■ **DESCRIPTION OF THE TASK**: Omit all pictures, then print the entries exactly.

START MATERIAL FOR THIS EXERCISE

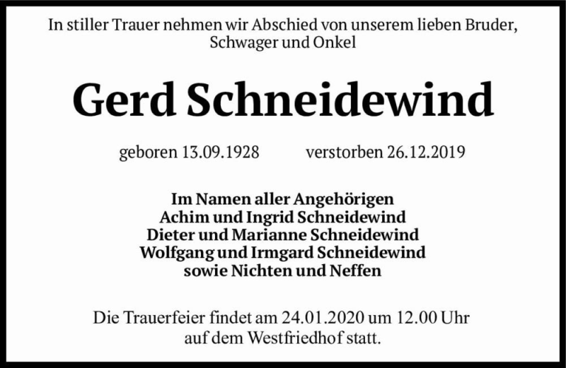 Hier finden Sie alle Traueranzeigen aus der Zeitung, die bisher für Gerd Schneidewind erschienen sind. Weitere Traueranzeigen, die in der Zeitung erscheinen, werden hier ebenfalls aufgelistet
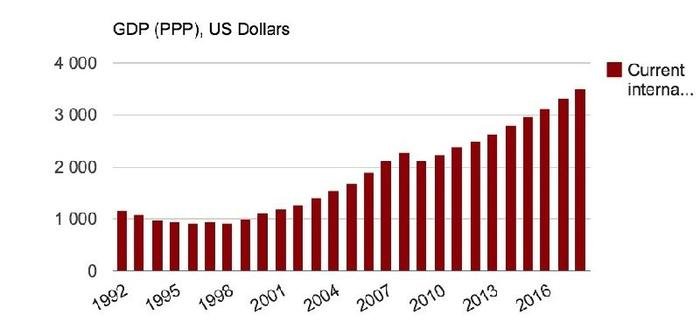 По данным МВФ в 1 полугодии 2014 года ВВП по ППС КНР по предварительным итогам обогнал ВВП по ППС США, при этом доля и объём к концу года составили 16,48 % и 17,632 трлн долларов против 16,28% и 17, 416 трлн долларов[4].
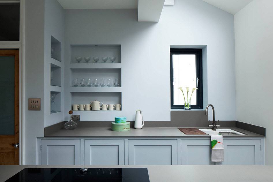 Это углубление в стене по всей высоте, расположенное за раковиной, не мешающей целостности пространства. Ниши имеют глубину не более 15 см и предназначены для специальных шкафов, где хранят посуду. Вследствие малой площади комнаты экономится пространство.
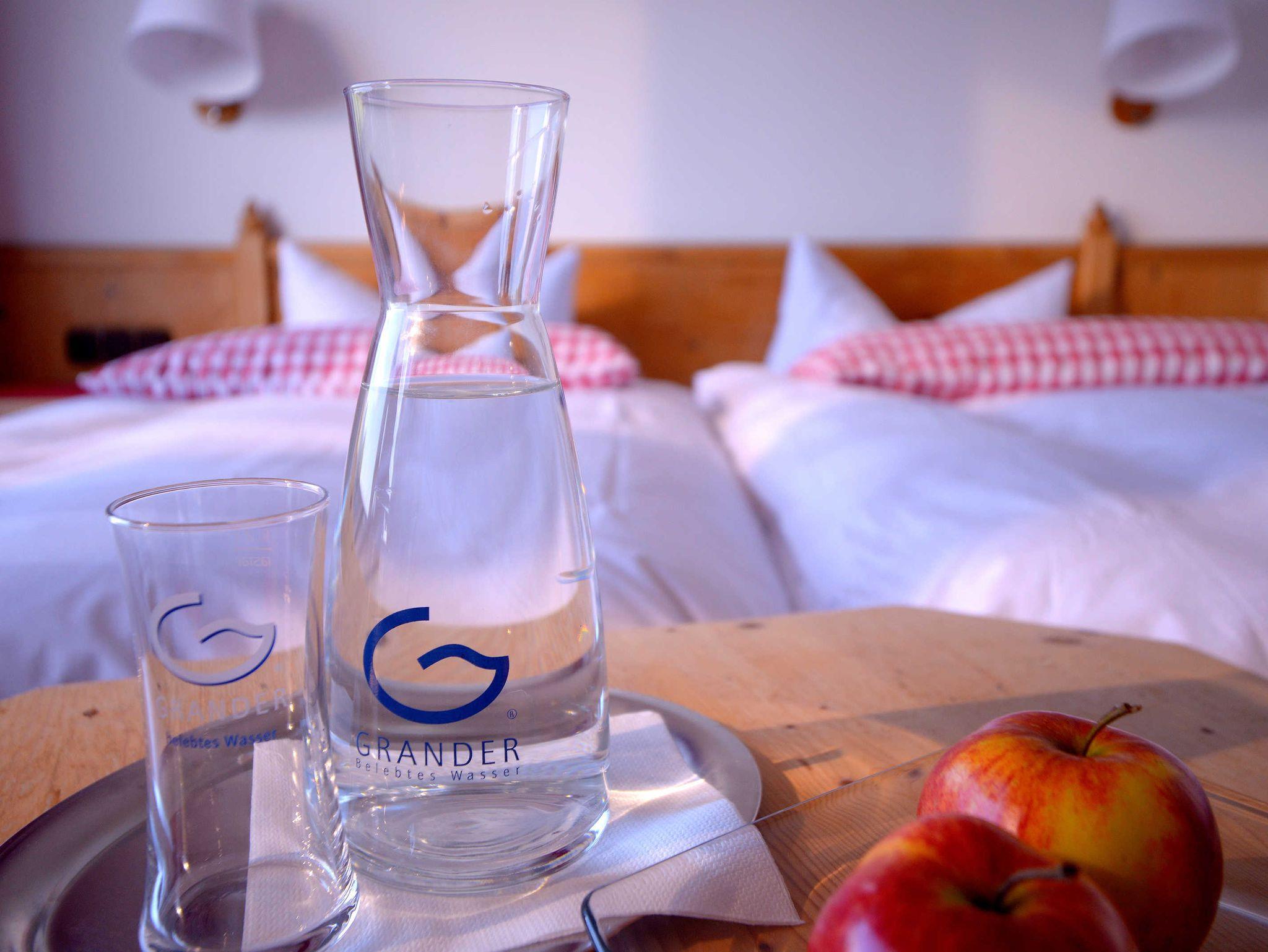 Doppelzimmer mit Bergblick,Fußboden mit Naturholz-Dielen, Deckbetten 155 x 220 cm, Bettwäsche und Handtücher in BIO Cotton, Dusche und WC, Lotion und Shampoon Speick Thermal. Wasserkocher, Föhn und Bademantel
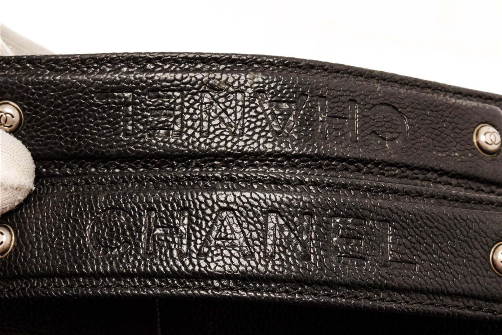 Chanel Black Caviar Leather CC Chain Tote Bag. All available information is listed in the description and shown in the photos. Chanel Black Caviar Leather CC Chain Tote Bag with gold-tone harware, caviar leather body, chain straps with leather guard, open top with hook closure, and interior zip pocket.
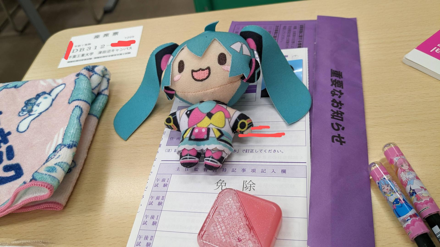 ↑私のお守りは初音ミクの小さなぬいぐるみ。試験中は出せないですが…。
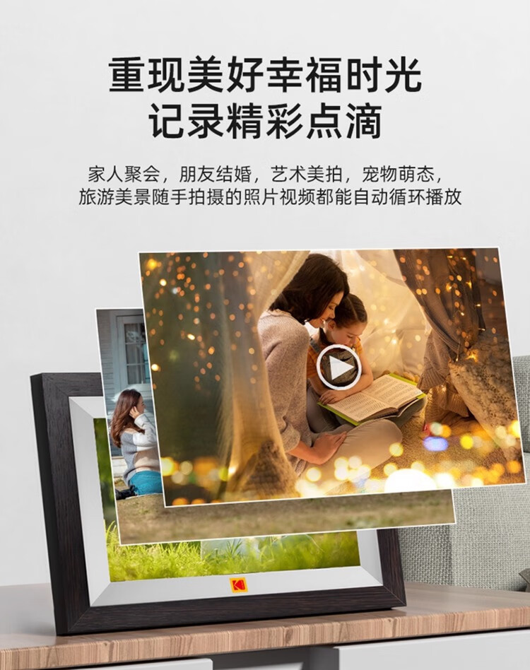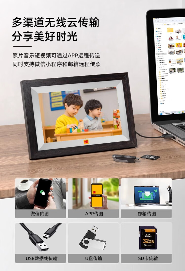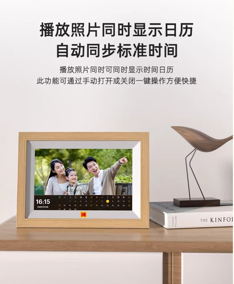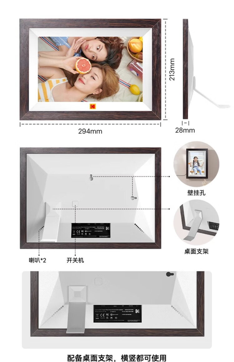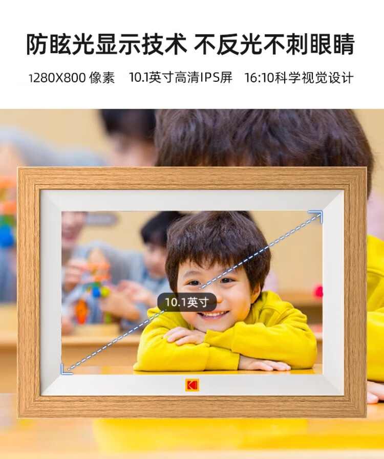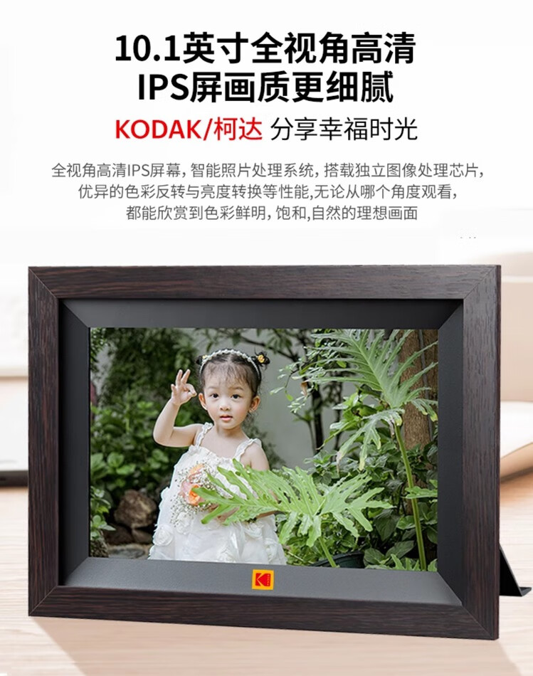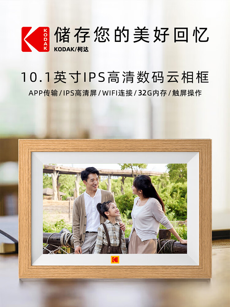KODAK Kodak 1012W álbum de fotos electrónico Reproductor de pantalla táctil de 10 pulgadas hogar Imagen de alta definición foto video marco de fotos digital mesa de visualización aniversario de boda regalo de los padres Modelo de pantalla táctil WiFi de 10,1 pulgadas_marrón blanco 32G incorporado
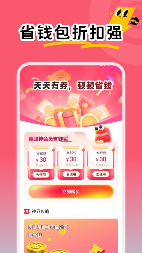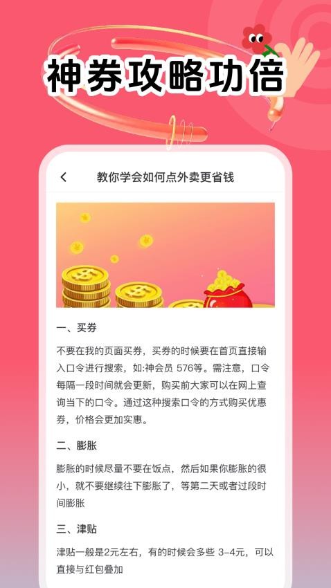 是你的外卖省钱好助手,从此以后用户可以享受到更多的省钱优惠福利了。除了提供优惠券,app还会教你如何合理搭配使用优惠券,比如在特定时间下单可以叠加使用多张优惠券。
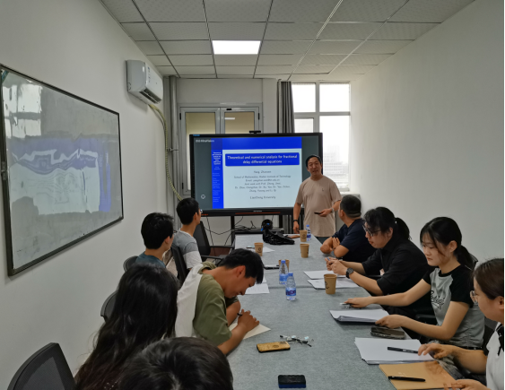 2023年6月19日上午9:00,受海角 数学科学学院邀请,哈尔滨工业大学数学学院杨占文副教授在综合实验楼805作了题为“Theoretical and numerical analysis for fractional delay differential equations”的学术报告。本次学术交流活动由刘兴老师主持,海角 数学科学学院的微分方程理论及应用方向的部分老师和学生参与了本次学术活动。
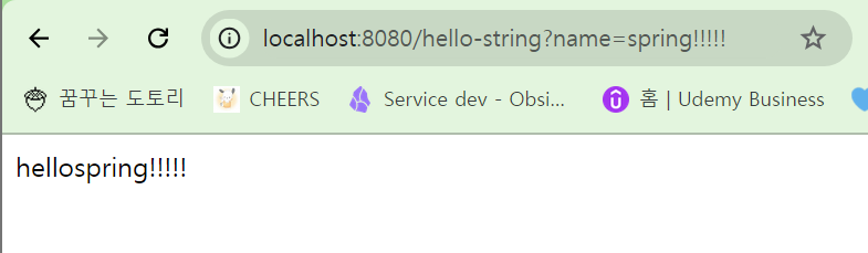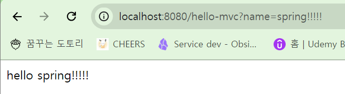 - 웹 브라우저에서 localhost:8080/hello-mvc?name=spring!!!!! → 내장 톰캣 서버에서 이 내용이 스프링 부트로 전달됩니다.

END MATERIAL FOR THIS EXERCISE

■ **ANSWER BELOW**:
 Hier finden Sie alle Traueranzeigen aus der Zeitung, die bisher für Gerd Schneidewind erschienen sind. Weitere Traueranzeigen, die in der Zeitung erscheinen, werden hier ebenfalls aufgelistet
 По данным МВФ в 1 полугодии 2014 года ВВП по ППС КНР по предварительным итогам обогнал ВВП по ППС США, при этом доля и объём к концу года составили 16,48 % и 17,632 трлн долларов против 16,28% и 17, 416 трлн долларов[4].
 Это углубление в стене по всей высоте, расположенное за раковиной, не мешающей целостности пространства. Ниши имеют глубину не более 15 см и предназначены для специальных шкафов, где хранят посуду. Вследствие малой площади комнаты экономится пространство.
 Doppelzimmer mit Bergblick,Fußboden mit Naturholz-Dielen, Deckbetten 155 x 220 cm, Bettwäsche und Handtücher in BIO Cotton, Dusche und WC, Lotion und Shampoon Speick Thermal. Wasserkocher, Föhn und Bademantel
 Chanel Black Caviar Leather CC Chain Tote Bag. All available information is listed in the description and shown in the photos. Chanel Black Caviar Leather CC Chain Tote Bag with gold-tone harware, caviar leather body, chain straps with leather guard, open top with hook closure, and interior zip pocket.
 ↑私のお守りは初音ミクの小さなぬいぐるみ。試験中は出せないですが…。
KODAK Kodak 1012W álbum de fotos electrónico Reproductor de pantalla táctil de 10 pulgadas hogar Imagen de alta definición foto video marco de fotos digital mesa de visualización aniversario de boda regalo de los padres Modelo de pantalla táctil WiFi de 10,1 pulgadas_marrón blanco 32G incorporado
 是你的外卖省钱好助手,从此以后用户可以享受到更多的省钱优惠福利了。除了提供优惠券,app还会教你如何合理搭配使用优惠券,比如在特定时间下单可以叠加使用多张优惠券。
 2023年6月19日上午9:00,受海角 数学科学学院邀请,哈尔滨工业大学数学学院杨占文副教授在综合实验楼805作了题为“Theoretical and numerical analysis for fractional delay differential equations”的学术报告。本次学术交流活动由刘兴老师主持,海角 数学科学学院的微分方程理论及应用方向的部分老师和学生参与了本次学术活动。
 - 웹 브라우저에서 localhost:8080/hello-mvc?name=spring!!!!! → 내장 톰캣 서버에서 이 내용이 스프링 부트로 전달됩니다.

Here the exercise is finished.